RECORDS SUPPLIED.
□ □ □
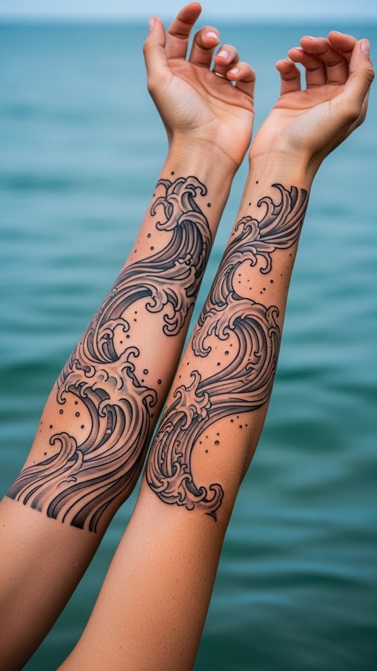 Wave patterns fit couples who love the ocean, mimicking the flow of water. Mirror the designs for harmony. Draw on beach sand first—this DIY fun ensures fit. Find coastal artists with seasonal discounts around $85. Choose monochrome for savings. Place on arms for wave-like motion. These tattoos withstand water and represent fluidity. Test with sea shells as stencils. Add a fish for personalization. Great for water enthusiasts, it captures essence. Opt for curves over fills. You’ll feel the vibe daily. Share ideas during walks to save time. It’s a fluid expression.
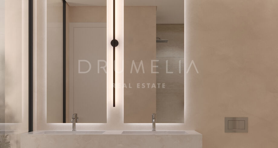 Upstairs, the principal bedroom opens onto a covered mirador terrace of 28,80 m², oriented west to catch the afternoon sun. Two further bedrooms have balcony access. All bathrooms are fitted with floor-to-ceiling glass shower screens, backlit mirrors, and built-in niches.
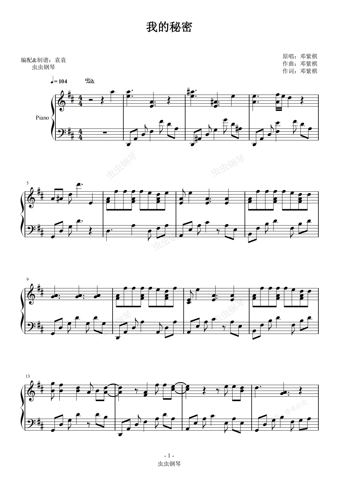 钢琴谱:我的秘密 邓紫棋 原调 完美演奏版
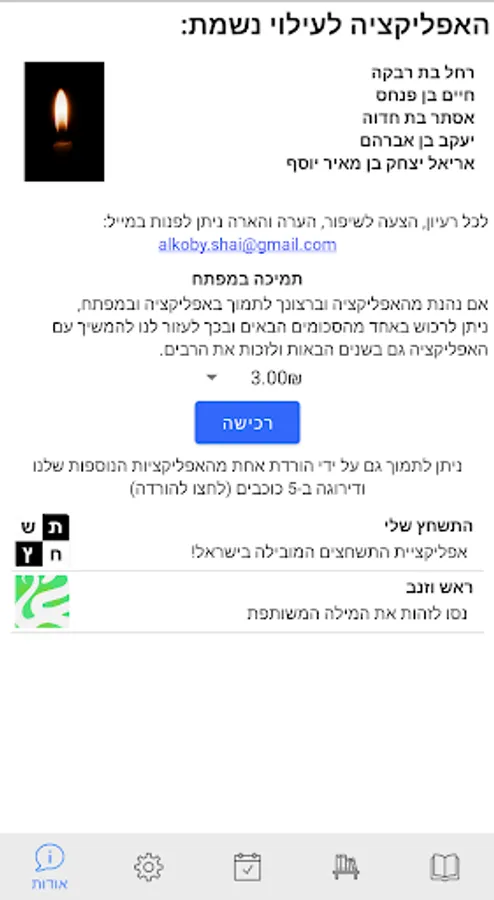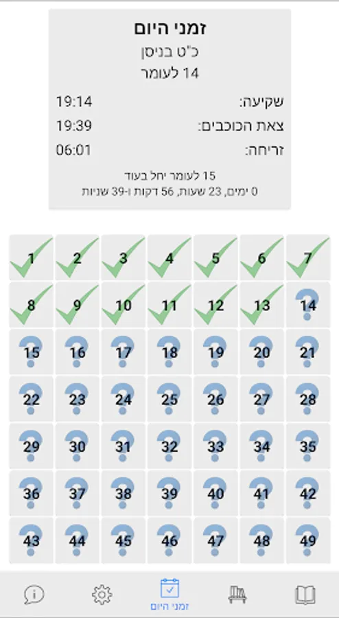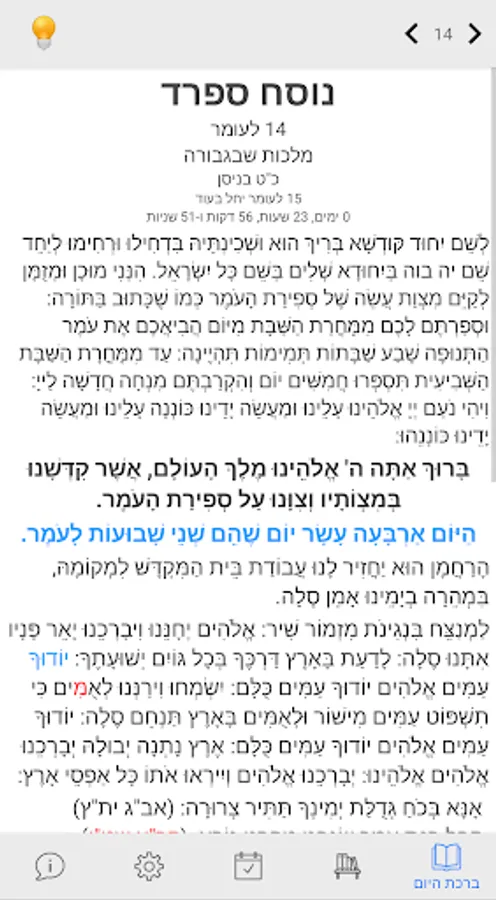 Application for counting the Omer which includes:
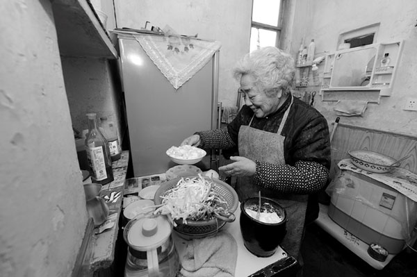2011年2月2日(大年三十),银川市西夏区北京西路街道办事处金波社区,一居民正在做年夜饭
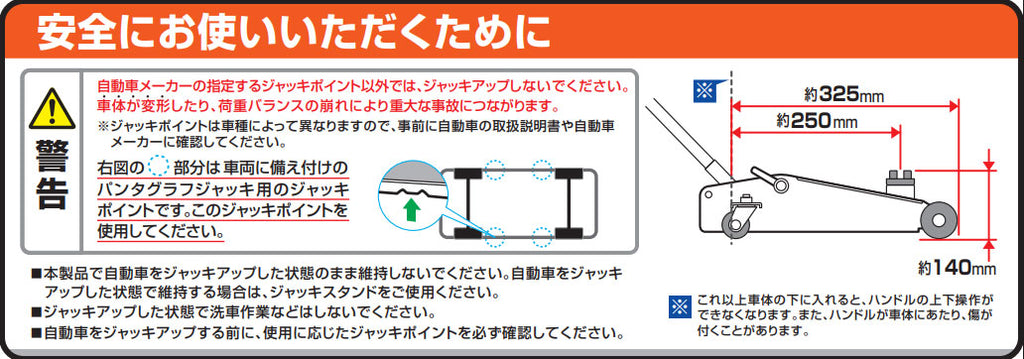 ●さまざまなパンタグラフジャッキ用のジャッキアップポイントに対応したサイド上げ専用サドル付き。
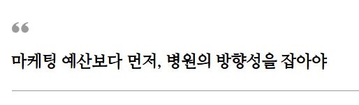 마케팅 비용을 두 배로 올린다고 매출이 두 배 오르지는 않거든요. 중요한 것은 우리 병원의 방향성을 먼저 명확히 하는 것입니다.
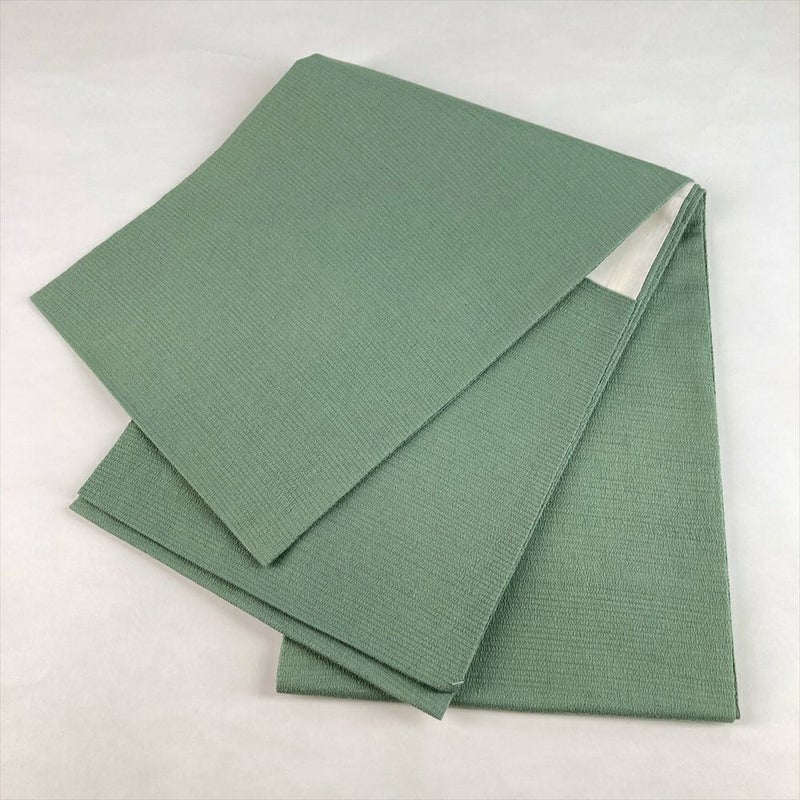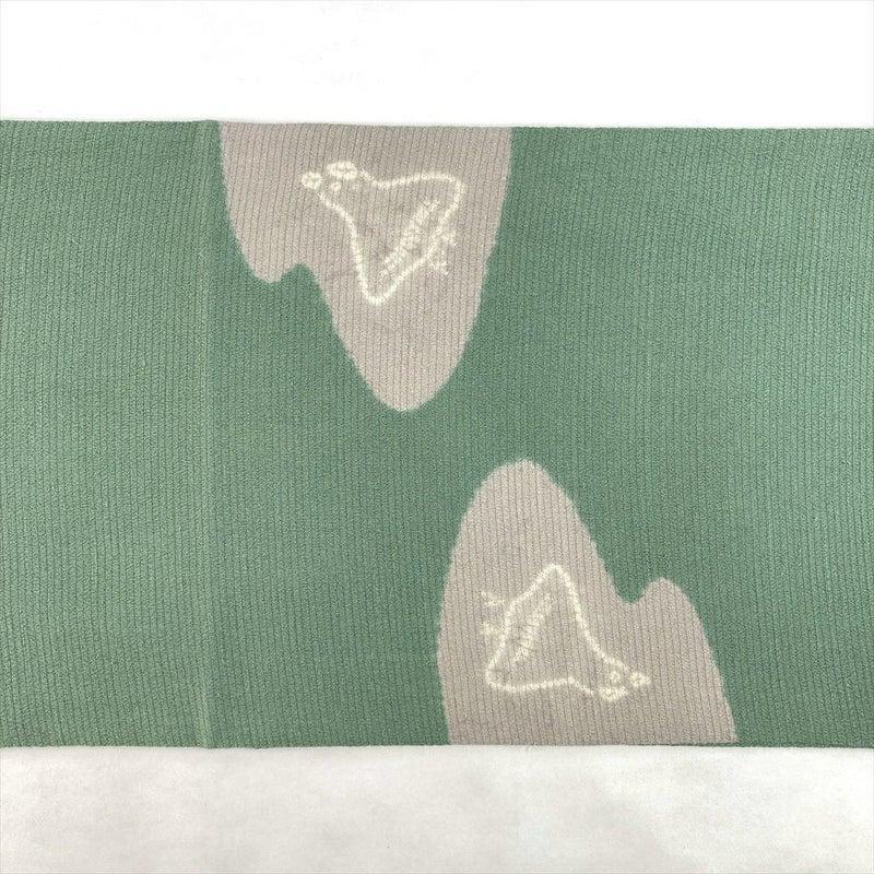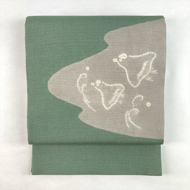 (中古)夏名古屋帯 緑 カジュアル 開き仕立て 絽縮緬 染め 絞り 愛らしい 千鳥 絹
□ □ □
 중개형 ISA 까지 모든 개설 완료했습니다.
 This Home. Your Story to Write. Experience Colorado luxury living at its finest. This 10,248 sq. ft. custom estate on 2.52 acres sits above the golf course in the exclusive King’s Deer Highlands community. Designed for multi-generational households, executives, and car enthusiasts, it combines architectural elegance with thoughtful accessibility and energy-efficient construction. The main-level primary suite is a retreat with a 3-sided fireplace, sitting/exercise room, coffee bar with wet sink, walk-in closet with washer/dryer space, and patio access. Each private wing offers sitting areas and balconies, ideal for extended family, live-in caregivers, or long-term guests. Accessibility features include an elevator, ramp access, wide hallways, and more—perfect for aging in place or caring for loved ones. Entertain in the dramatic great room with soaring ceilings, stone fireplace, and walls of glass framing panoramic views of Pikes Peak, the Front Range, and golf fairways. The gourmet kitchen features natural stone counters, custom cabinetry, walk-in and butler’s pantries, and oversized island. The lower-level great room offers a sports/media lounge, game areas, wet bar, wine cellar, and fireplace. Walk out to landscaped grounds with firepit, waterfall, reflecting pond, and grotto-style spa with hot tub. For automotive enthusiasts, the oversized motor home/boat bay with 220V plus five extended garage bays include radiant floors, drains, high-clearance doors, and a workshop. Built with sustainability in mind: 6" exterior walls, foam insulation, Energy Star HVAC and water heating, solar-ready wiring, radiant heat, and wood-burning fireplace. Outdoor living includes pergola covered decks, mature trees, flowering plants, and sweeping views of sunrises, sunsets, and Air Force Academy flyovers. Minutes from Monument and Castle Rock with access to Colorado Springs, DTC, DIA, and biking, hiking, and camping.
□ □ □
PROBLEM REQUIREMENTS. What is needed is an exact copy of the lines above, from the one holding "Upstairs, the principal" down to the one holding "(中古)夏名古屋帯 緑 カジュアル 開き仕立て 絽縮緬 染め 絞り 愛らしい 千鳥 絹", with those two included and the pictures left out.

EXERCISE OUTPUT.
 Upstairs, the principal bedroom opens onto a covered mirador terrace of 28,80 m², oriented west to catch the afternoon sun. Two further bedrooms have balcony access. All bathrooms are fitted with floor-to-ceiling glass shower screens, backlit mirrors, and built-in niches.
 钢琴谱:我的秘密 邓紫棋 原调 完美演奏版
 Application for counting the Omer which includes:
2011年2月2日(大年三十),银川市西夏区北京西路街道办事处金波社区,一居民正在做年夜饭
 ●さまざまなパンタグラフジャッキ用のジャッキアップポイントに対応したサイド上げ専用サドル付き。
 마케팅 비용을 두 배로 올린다고 매출이 두 배 오르지는 않거든요. 중요한 것은 우리 병원의 방향성을 먼저 명확히 하는 것입니다.
 (中古)夏名古屋帯 緑 カジュアル 開き仕立て 絽縮緬 染め 絞り 愛らしい 千鳥 絹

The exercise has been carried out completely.